Simon Nash wrote:
>
> On Mon, 8 Nov 1999 16:21:11 -0600, Eric R. Williams <[EMAIL PROTECTED]> wrote:
>
> >5. Class incompatibility. The RMI-IIOP client application may have
> >been compiled against a different version of the RMI interface or
> >valuetype classes that are served up by the remote codebase. In
> >this case, the classes won't work on the client.
> >
> For valuetypes, there are versioning semantics that handle the case
> of a locally loaded class being at a different level from the level
> that was used to transmit the valuetype data. For remote interfaces and
> stubs, a locally loaded version with the same name will be used in
> preference to downloading. This still requires semantic compatibility
> between local and remote versions, but it does not require identical
> matching.
First, thanks for such a detailed response. It is nice to get this kind
of information on this list.
As with serialization, there are some types of valuetype and interface
changes that will break marshalling compatibility (eg, changing the
inheritance hierarchy)... and some that will break semantic
compatibility
(eg, renaming an attribute).
Of course, you can encounter these types of problems whether you have
dynamically downloaded code or not. But at least if you
> >6. There will probably be vendors who will not support dynamic
> >classloading. Oracle's JServer (in the database) comes to mind.
> >Assuming you use one of these servers to connect to another server,
> >you won't be able to use dynamic classloading.
> >
> This is a mandatory part of the RMI-IIOP spec. Any ORB vendor who does not
> support valuetype and stub code downloading is not compliant with the
> OMG Java to IDL mapping.
That is unfortunate. There are plenty of situations where dynamic
classloading behavior isn't desirable: burned-in applications with
low RAM constraints, highly secure apps that don't want to risk
"foreign code", Java-to-executable compiled apps, etc.. And I would
guess that dynamic classloading won't be part of many of the low-end
Java2 Micro Edition reference profiles.
Also, I did not find any part of the specification that described
the interpretation of the TAG_JAVA_CODEBASE profile.

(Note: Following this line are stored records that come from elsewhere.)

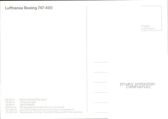 Lufthansa Boeing 747-400 postalisch nicht gelaufen Erhaltung siehe scans
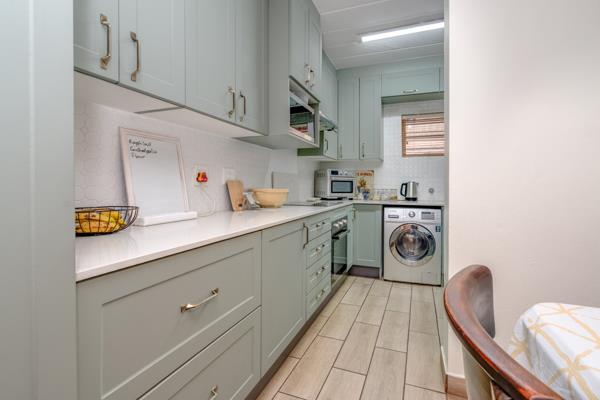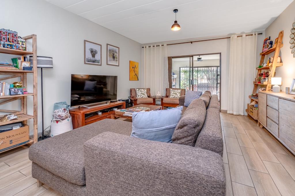 The lounge opens onto a covered patio that can be used as a spacious study, a kids play area, or an outdoor dining spot. Sliding doors lead to a private garden with a built-in braai and a convenient storeroom, ideal for entertaining or simply relaxing outdoors.
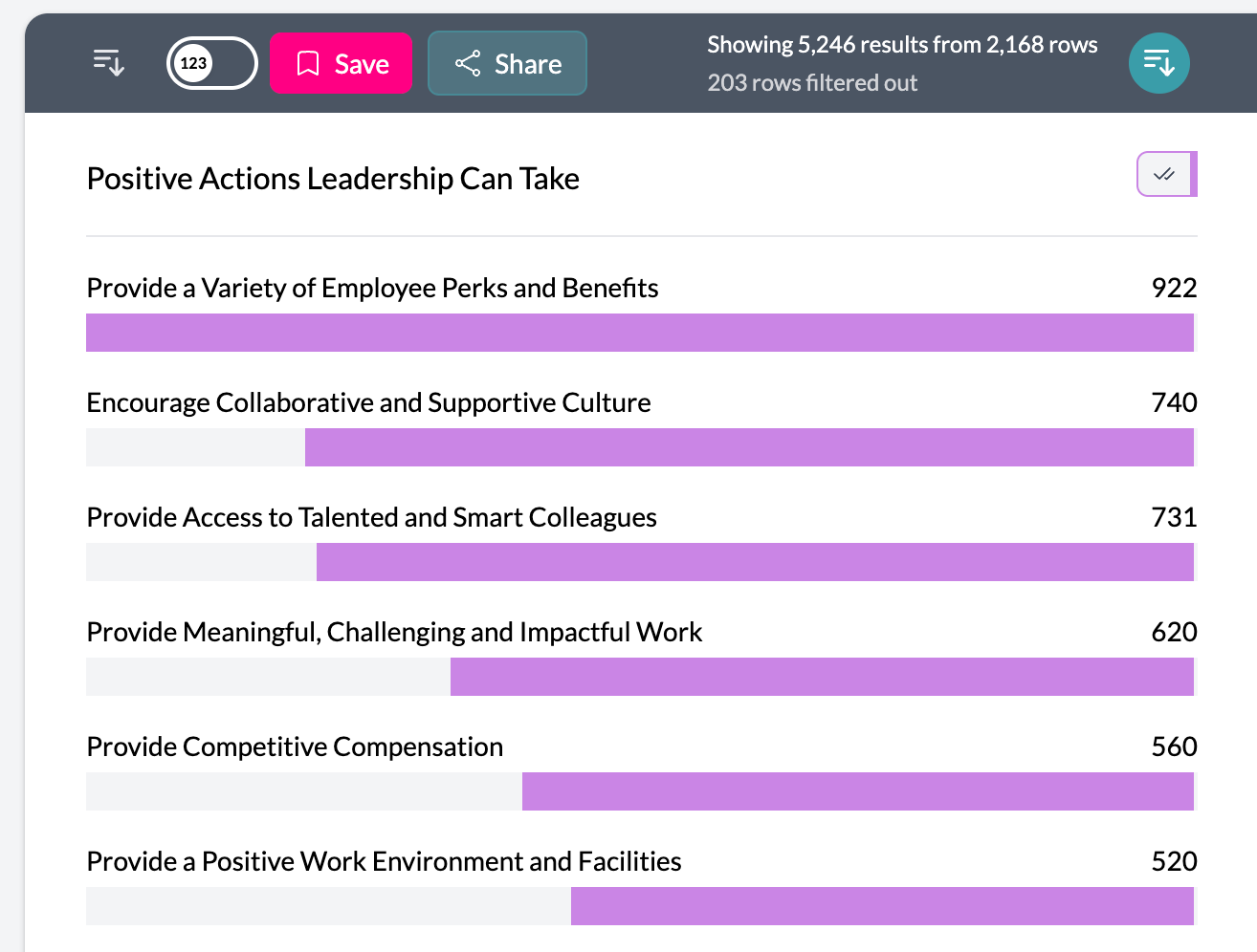 - Best for long labels and many categories; sort and filter via left-hand controls.
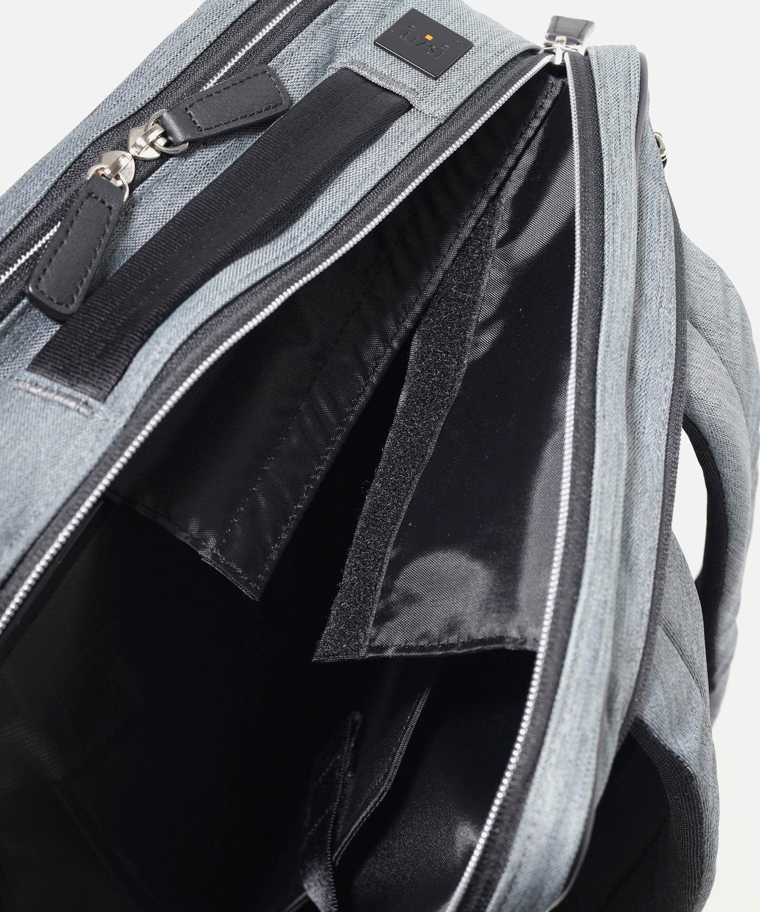 カバンの背側ファスナー内には、リュック紐が収納されています。バックルに装着してリュックスタイルとしても活躍します。マチ部分はマジックテープで開閉できるため、リュックとしてカバンを縦型に使うときもカバンの上部から荷物を出し入れすることができます。
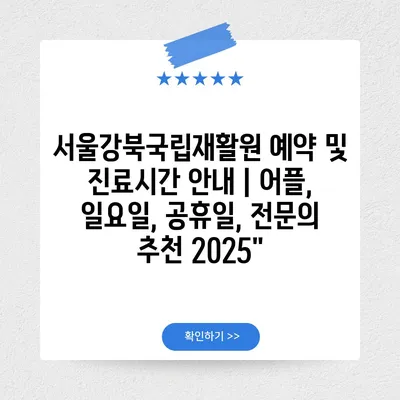 ✅ 서울강북국립재활원 예약 정보를 지금 바로 확인해보세요!
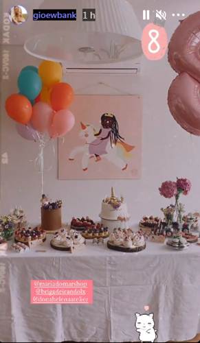 No Instagram, Giovanna mostrou a mesa de bolo e explicou que o tema para a festa foi escolhido pela própria Titi: “Hoje é aniversário da minha princesa. Olha que coisa mais linda. Ela quis uma decoração de unicórnio e arco-íris. Estou muito apaixonada”, disse a mamãe coruja.

I assume that
the codebase is an URL... but what types of URL schemes must a
conforming implementation support? http? https? http or https
with proxy and/or socks support? ftp? file? Is there documentation
available for this?
> You are correct that the initial objective in providing CORBA support for
> downloadable stubs was to emulate RMI-JRMP capabilities and semantics.
> This is important, since without that we will not be able to establish
> RMI-IIOP as a crediable alternative to RMI-JRMP. Despite this, one of our
> biggest PR problems has been convincing people that RMI-IIOP does fully
> support RMI-JRMP code downloading semantics for both value types and stubs
> when Java is at both ends.
Interesting point. I hadn't thought that convincing developers to
move from RMI-JRMP was such a big issue.
> However, RMI-IIOP is different from RMI-JRMP in this area in the following
> important respect. The RMI-JRMP programming model requires downloadable
> code, as well as Java at both ends, but the RMI-IIOP programming model
> requires neither of these. In RMI-JRMP, you use Java casts to obtain an
> object reference of a different type from the type by which the reference
> is currently known. In RMI-IIOP, you make "narrow" calls. The "narrow"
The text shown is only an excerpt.